Abstract: Many existing adversarial attacks generate $L_{p}$ -norm perturbations on image RGB space. Despite some achievements in transferability and attack success rate, the crafted adversarial examples are easily perceived by human eyes. Towards visual imperceptibility, some recent works explore unrestricted attacks without $L_{p}$ -norm constraints, yet lacking transferability of attacking black-box models. In this work, we propose a novel imperceptible and transferable attack by leveraging both the generative and discriminative power of diffusion models. Specifically, instead of direct manipulation in pixel space, we craft perturbations in latent space of diffusion models. Combined with well-designed content-preserving structures, we can generate human-insensitive perturbations embedded with semantic clues. For better transferability, we further “deceive” the diffusion model which can be viewed as an additional recognition surrogate, by distracting its attention away from the target regions. To our knowledge, our proposed method, DiffAttack, is the first that introduces diffusion models into adversarial attack field. Extensive experiments on various model structures (including CNNs, Transformers, MLPs) and defense methods have demonstrated our superiority over other attack methods.

What, Why and How

This paper proposes a new adversarial attack method called DiffAttack that generates imperceptible and transferable adversarial examples by leveraging diffusion models.

What:

DiffAttack is an unrestricted adversarial attack that operates in the latent space of diffusion models instead of directly manipulating pixels.

Why:

Diffusion models can generate natural images conforming to human perception, satisfying imperceptibility.
Pretrained diffusion models are powerful recognition models, so fooling them enhances transferability.

How:

Invert images to latent space with DDIM inversion.
Optimize latent to fool classifier and diffuse model’s attention.
Use self-attention maps to preserve image structure.
Control inversion strength for semantics and attack space.
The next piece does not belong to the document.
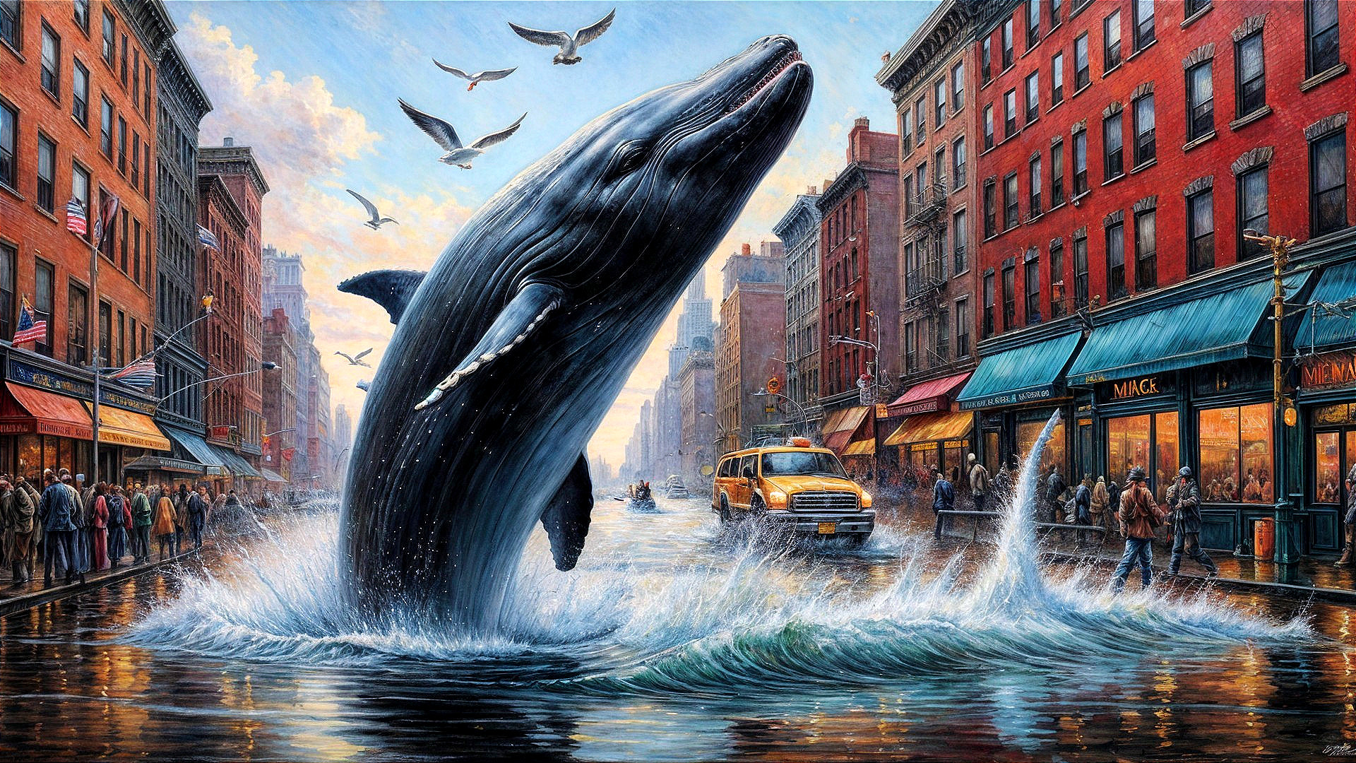 Whale Surprises City in Surreal Flood Scene

In summary, DiffAttack exploits the generative and discriminative power of diffusion models to craft adversarial examples with good imperceptibility and transferability. It perturbs latents rather than pixels for more semantic and natural perturbations. Specific designs are introduced to fool strong diffusion models and preserve content structure. Experiments demonstrate superiority over existing attacks.

Main Contributions

The main contributions of this paper are:

They are the first to introduce diffusion models into the field of adversarial attacks and unveil their potential for crafting imperceptible and transferable adversarial examples.
They propose DiffAttack, a novel unrestricted attack method that perturbs the latent space of diffusion models instead of directly manipulating pixels.
They leverage the generative power of diffusion models to achieve imperceptibility by generating natural image perturbations.
They utilize the discriminative power of diffusion models as strong recognition surrogates to enhance transferability by “deceiving” them.
They design techniques like self-attention control and inversion strength adjustment to preserve content structure and semantics.
They demonstrate through extensive experiments that DiffAttack outperforms existing attacks in terms of imperceptibility and transferability across various model architectures and defense methods.

In summary, the key contributions are proposing the first diffusion model based attack, DiffAttack, and showing how to effectively exploit diffusion models’ properties for superior imperceptible and transferable adversarial attacks.

Method Section

Here is a summary of the method section:

The overall framework follows recent diffusion image editing methods.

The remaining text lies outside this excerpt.